Through the contributions of the many talented authors, this book series has demonstrated that international criminal law not only originated from Europe and Western legal philosophies, but also from other great and historical cultures with rich legal traditions, such as China, Japan, Korea, India and Turkey. For example, the book series highlights that the roots of superior responsibility go back nearly 2,300 years to about 340 BC during the Warring States period in China.  During this period, an ancient book on warfare stated that a superior’s criminal responsibility should be equal to that of his subordinates who committed the crime; a principle recognised in many domestic and international jurisdictions today. It is from these historical roots in ancient China that we can understand the evolution of the superior responsibility doctrine in contemporary international criminal law.

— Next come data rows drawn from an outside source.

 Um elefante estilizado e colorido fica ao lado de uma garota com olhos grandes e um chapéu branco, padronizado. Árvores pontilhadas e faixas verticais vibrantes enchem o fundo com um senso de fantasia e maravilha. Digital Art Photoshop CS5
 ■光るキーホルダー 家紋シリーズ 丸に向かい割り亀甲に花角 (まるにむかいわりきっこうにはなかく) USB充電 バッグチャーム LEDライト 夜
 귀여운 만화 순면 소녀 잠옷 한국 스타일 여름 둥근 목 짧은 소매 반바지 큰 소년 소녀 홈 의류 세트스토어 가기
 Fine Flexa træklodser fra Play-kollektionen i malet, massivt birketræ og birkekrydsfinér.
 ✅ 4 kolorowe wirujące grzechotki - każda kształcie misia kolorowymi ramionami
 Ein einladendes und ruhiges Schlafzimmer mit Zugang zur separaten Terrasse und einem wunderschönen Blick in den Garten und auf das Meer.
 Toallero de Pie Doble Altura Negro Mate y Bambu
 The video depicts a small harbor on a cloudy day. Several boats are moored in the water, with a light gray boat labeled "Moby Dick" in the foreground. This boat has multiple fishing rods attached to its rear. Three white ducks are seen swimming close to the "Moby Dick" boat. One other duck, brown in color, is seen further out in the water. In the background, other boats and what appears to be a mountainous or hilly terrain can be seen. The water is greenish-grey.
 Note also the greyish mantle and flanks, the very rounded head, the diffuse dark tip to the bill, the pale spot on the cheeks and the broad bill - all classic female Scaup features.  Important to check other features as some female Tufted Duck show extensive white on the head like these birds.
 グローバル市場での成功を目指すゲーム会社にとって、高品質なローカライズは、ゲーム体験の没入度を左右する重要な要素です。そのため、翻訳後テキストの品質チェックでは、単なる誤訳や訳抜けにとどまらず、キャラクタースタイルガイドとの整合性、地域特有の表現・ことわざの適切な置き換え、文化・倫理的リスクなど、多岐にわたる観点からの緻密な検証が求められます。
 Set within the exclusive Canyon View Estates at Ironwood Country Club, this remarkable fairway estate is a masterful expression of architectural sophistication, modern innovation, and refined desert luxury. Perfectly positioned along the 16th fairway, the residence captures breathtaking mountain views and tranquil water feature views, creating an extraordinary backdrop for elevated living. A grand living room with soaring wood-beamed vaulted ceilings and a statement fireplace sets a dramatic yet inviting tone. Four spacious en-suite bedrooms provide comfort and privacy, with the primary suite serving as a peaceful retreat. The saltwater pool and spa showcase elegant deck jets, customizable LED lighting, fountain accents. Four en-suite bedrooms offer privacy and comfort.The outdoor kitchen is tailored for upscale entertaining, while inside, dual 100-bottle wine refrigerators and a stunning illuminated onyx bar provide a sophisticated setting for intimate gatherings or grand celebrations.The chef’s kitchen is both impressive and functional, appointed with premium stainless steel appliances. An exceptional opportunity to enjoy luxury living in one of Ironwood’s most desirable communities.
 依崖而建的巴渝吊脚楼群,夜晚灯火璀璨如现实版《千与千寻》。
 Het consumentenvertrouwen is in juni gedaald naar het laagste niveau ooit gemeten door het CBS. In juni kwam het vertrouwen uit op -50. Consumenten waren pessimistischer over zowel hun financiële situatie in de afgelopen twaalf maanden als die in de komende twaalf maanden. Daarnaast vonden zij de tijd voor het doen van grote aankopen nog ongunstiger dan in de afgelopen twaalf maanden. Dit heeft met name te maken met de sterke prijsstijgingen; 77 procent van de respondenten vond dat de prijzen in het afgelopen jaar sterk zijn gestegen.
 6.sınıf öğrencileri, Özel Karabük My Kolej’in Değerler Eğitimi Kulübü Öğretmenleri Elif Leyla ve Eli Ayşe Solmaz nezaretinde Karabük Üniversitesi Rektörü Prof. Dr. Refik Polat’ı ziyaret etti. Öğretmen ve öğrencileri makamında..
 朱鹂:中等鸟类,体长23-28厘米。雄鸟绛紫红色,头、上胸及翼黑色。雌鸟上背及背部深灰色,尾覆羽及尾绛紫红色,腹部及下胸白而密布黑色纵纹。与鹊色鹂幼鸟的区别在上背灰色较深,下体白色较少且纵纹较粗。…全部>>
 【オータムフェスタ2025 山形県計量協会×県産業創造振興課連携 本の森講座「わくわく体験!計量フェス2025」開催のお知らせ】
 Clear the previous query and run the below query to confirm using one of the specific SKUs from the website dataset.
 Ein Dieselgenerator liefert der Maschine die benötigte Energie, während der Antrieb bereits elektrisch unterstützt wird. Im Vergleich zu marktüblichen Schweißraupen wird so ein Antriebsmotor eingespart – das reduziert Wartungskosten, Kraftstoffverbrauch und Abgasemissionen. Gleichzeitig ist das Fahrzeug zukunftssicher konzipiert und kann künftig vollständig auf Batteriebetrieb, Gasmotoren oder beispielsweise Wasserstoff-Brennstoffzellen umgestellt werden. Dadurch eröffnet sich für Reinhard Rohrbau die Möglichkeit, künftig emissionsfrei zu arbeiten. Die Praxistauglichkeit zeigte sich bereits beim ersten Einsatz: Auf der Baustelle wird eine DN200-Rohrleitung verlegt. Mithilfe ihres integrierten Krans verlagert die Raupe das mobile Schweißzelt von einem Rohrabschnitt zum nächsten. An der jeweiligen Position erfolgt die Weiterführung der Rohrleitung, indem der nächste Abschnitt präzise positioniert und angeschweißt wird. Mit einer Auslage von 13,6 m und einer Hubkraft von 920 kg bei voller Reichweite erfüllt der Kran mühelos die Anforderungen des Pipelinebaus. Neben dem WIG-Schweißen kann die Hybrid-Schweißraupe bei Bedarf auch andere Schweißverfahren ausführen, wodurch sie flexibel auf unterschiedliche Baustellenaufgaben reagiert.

It is not just the analysis of China’s contributions to international legal development that make the book series so unique, but also its inclusion of contributions from other prominent cultures and areas of the world. During the Istanbul Trials, related to the 1915 deportation and massacre of the Armenian population in Turkey, the wording used in the first trial and subsequent trials against cabinet ministers discussed an element of superior responsibility, namely that a superior could be held criminally responsible for not preventing crimes committed by subordinates after having become aware of them. Today, this has become a key part of superior responsibility jurisprudence in the International Tribunals for ex-Yugoslavia and Rwanda. Additionally, the language used in a number of verdicts of the Istanbul Trials with respect to massacres, extermination or annihilation of a civilian population refers to Armenian Christians as a religious group and the term “premeditation” in carrying out those horrific acts.  This type of wording has been echoed in the 1948 Genocide Convention, as well as in the Statutes of the ICTY, ICTR and the International Criminal Court. The significance of these contributions to the debate and development of international criminal law cannot be overstated, but it was not until the book series discussed and analysed them at length that such contributions were given proper weight in the historical context of international criminal law.

These are just a few examples of historical contributions to international criminal law made by non-Western states that are discussed in the book series. By recognizing the historical significance that these states have had in the development of international criminal law, the book series has allowed for a more inclusive and global perspective of the law to be realized.  In turn, I hope that this will create more cohesion and consistency amongst all states in the understanding, development, and practice of international criminal law.

Confucius once said: “Study the past if you would define the future”. This lesson is especially important in defining the future of something with as high stakes as international criminal law, where we try to bring the perpetrators of the most heinous crimes to justice. The book series finally provides us the complete history and greater context to study and tackle new issues in international criminal law in the hope of helping define its future. I look forward to its inevitable impact on our understanding of the law.